Hating Hipsters: How The Mainstream Hijacked Authenticity And Made Non-Conformity A Joke
Introspection Illusion works like this: we firmly believe that we have access to the mental processes through which we come to decisions but experiments indicate that we don’t. We therefore make up what seem like completely rational reasons for our actions after the fact. Worse than that, we believe that our introspection is more dependable than the introspection of others and, as a result, consider ourselves to be superior when it comes to self-reflection. We imagine that other people are dishonest and untrustworthy in their own self-reflection but that we are truly self-aware. We do this by believing the rationalisations of our own behaviour and by being suspicious of other people’s rationalisations. In other words, everybody is quietly suspicious of everybody else’s behaviour.
In this light it looks like hatred of hipsters is Introspection Illusion run wild with a heavy dose of psychological projection thrown in for good measure. If we can externalise and demonise what we believe are weak-minded traits (conformity, trend-hopping), then that allows us to avoid any unpleasant truths in regards to our own behaviour. We can see this mindset play out in every aspect of society from personal tastes to political opinion.

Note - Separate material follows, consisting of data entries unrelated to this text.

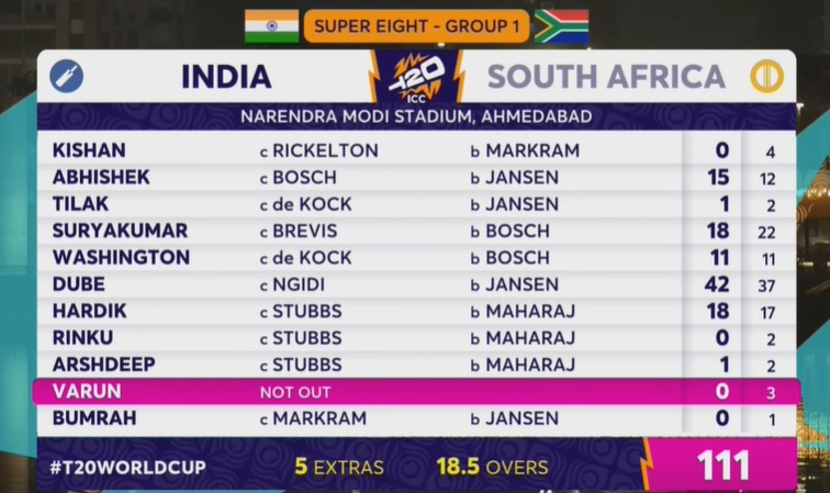 Hardik Pandya, who came in the middle overs, was also being hunted down by Keshav Maharaj, which left the Indian team in quite a difficult time. Dube, however, was able to stay and score 42 off 37 balls, but his innings was of no use as he was the only middle-order all-rounder while chasing the total with the lower order. The team’s top batter, Ishan Kisha, was hunted down for a duck while Abhishek was allowed to score only 15 off 12 balls. Following a massive blow to the team, the team’s Skipper Suryakumar Yadav, also came under pressure after fearing an injury in the right side of the lower body, managing only 18 off 22. Tilak Varma jerked the chase for a digit before being crushed.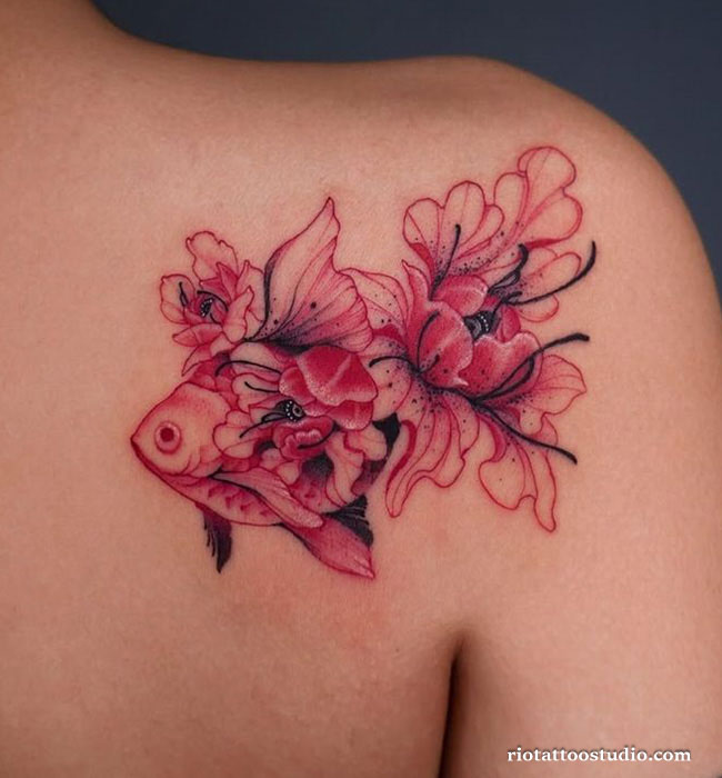 Achieving a high-quality realism fish tattoo requires an artist who can master the illusion of light reflecting off wet scales. Betta fish and goldfish are perfect subjects for this style due to their vibrant colors and flowing, veil-like fins that catch the light in complex ways. Our masters use advanced white-ink highlights to create a “wet” look, making the fish appear as if it is swimming just beneath the surface of your skin.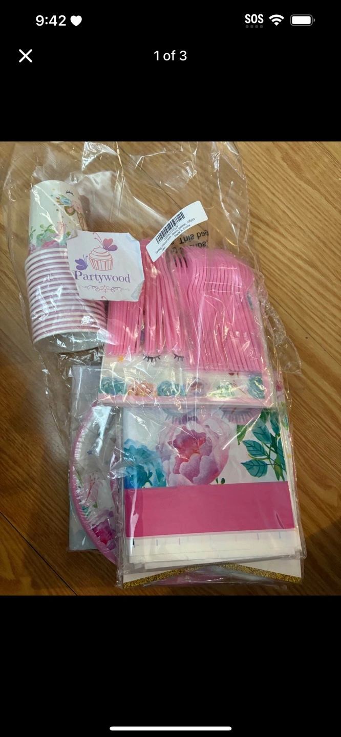 Unused unicorn-themed party supplies. Includes plates, cups, napkins, cutlery, balloons, and decorations. Perfect for a birthday party or celebration. NEW NEVER USED Buy for all $30 Buy by set unicorn party set 195pcs (16guest) -$$30 Decorations $10 the number of the balloon is #5 is duplicate.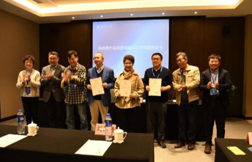 随后,艺术硕士教指委员会秘书长宋慧文回望艺术硕士设立的15周年,指出研究生教育已经提高到一个前所未有的高度,鼓励各高校提高硕士教育成果影响力,重视硕士教育工作的探索。最后,宋慧文秘书长宣读了全国艺术硕士研究生优秀毕业成果获奖者名单,我校由刘丹丽院长和韩一丽老师亲自指导的2015级硕士吴鹰、琪布日哈斯、罗亚棣等同学,以改编版小剧场戏剧《老妇还乡》成功获奖,教指委秘书长组丁凡、宋慧文、刘德坤为全国艺术硕士研究生优秀毕业成果获奖者的所在院校——中央戏剧学院、武汉大学和上海戏剧学院颁发了荣誉证书,并合影留念。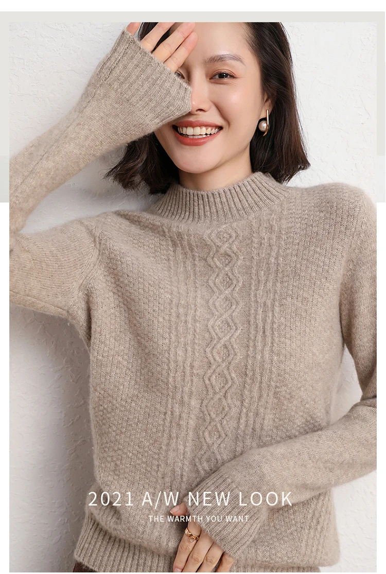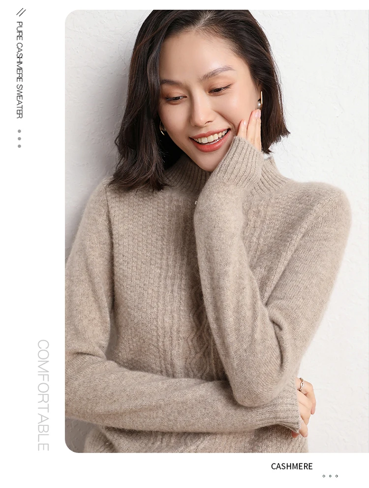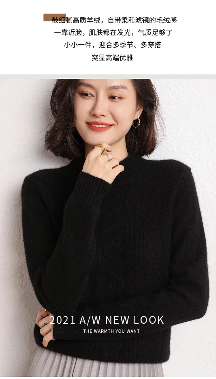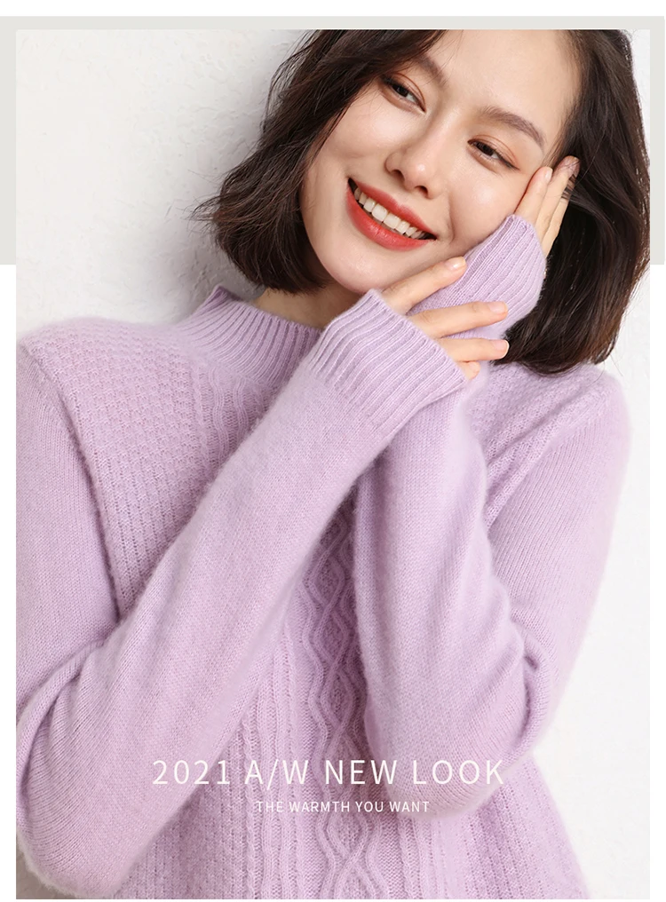 2021Hot Sale Autumn Winter 100% Pure Cashmere Sweater Turtleneck Women's High Quality Soft Female Loose Thickened Knitted Jumper

Terms like ‘sheeple’ and ‘brainwashed’ appear on a daily basis all over the internet, with millions of people absolutely convinced that almost everyone else is a walking automaton, incapable of true introspection and intellectual honesty.

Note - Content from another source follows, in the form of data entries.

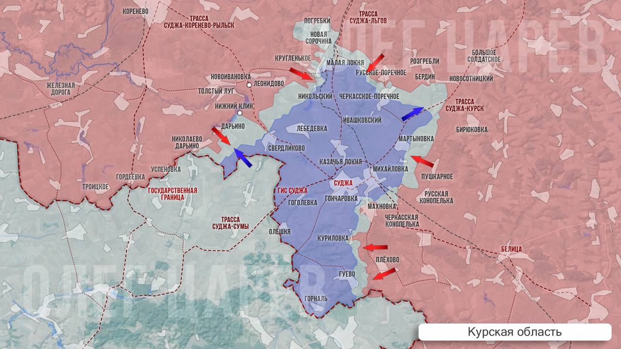 В районе Свердликово ВС РФ зашли на окраины села и выбили ВСУ из нескольких опорных пунктов в окрестных лесополосах. Идут упорные бои. Свердликово стоит примерно в 11 км к северо-западу от Суджи, его потеря может резко ухудшить логистику противника.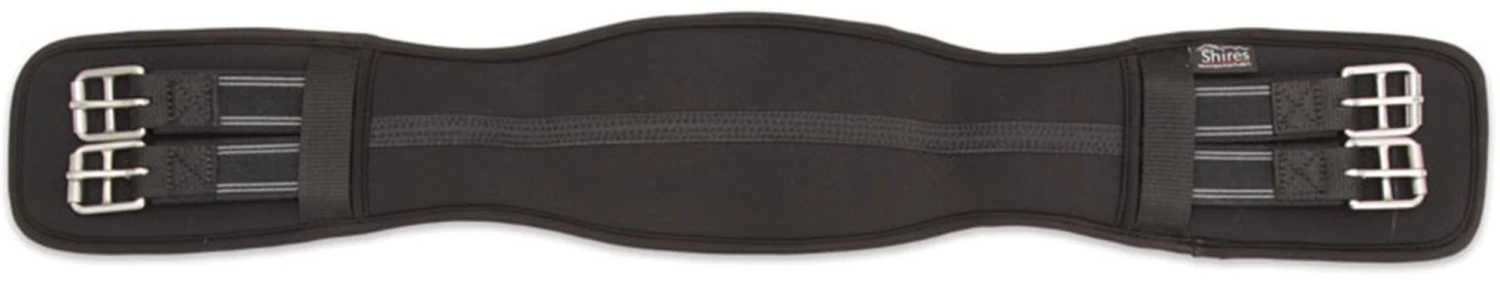 Arma Neoprene Dressage Girth has a soft, padded neoprene helps reduce friction and moisture build up to help protect against galls and rubbing. Double layer elastic inserts at both ends help to distribute pressure. Roller buckles for easy tightening.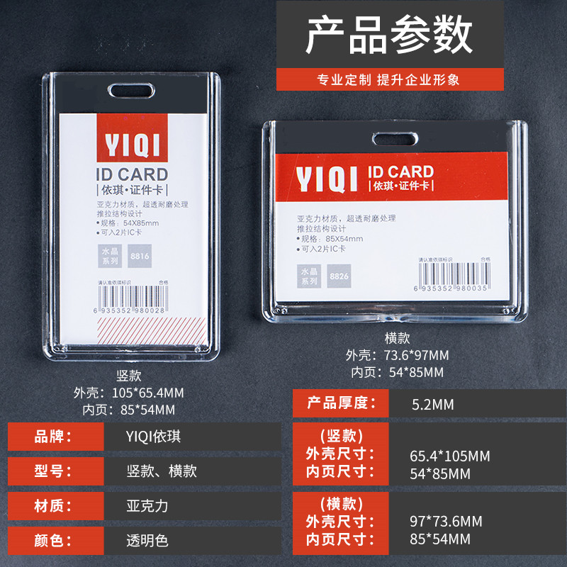 亚克力水晶透明卡套时尚办公室工作牌定制展会工厂公司学校韩系工牌定做印刷挂绳吊牌吊绳员工牌工作证名牌

Beyond the self-delusion that allows somebody to hate hipsters, there is also an even more unpleasant side to this cultural phenomenon. With mainstream and authenticity now seen as being essentially the same, those who flout culturally endorsed gender roles are viewed with suspicion. The main trait of hipsters that seems to draw the most ire is their fashion sense. This apparent obsession with surface and image is not only seen as pathetic, it is also viewed as feminine and unbecoming for men. (Understand that when I use terms like feminine and masculine, I’m using them in the sense of how certain behaviours are viewed. Our society equates femininity to being a woman and masculinity to being a man. I am not attributing an obsession with image and fashion to being a woman). Through the ages the idea of femininity has become synonymous with certain unpleasant characteristics, namely superficiality, passivity, and weakness. Fashion is considered the realm of outward appearances, shallowness, and a willingness to follow trends on a whim and as such is inexorably linked in the minds of many with femininity. The moment a man steps into the world of fashion he is considered feminine. Indeed, the term “faggy hipster” is almost as popular as “hipster”. Women hipsters generally get an easier time of it than men do, probably because society has no problem with a girl in skinny jeans. Leaving aside big glasses, there’s no overriding trait about hipster women that ruffles society’s feathers. Women just get a harder time of it in a larger sense.(1)
Contempt for hipsters reveals not only a nasty disdain for the feminine, it also quietly endorses derision for those who veer away from both traditional gender roles and those who differ from the norm in general. Hipsters are often criticised for all looking the same, yet those doing the criticising look identical to most members of society. The critcisers exist in an approved normality that allows them to rationalise their own conformity but be extra-sensitive to the conformity of those who look different. Normal society, when faced with any subgroup (hippies, punks, hip-hop fans, hipsters, etc) will take great pains to point out how uniform this subgroup is. Thousands upon thousands of people make jokes about the conformity of hipsters, about how hipsters won’t do something because it’s too mainstream, yet never take the time to explore the conformity of the very joke they are making, never mind their own clothes and tastes. Once again we see psychological projection in action as anxiety about our own personal conformity is eased by finger-pointing and laughing at those ‘others’ who conform.(2)
Seen for what it is, hating hipsters is just another way of society policing itself. From time immemorial those who reject, even in some small way, societal norms are punished with social stigma. Modern society demands that we see ourselves as thinking, free-willed individuals who have somehow arrived at the perfect equilibrium. Each of us in our own way imagines that our attitude to life is the right one and that those who disagree with our attitude are simply being unreasonable or nonsensical. When faced with such unreasonableness it helps if we can attach labels that stigmatise those who think and act differently. If you can label that person who doesn’t like Gotye a hipster and a snob then your individuality can remain intact.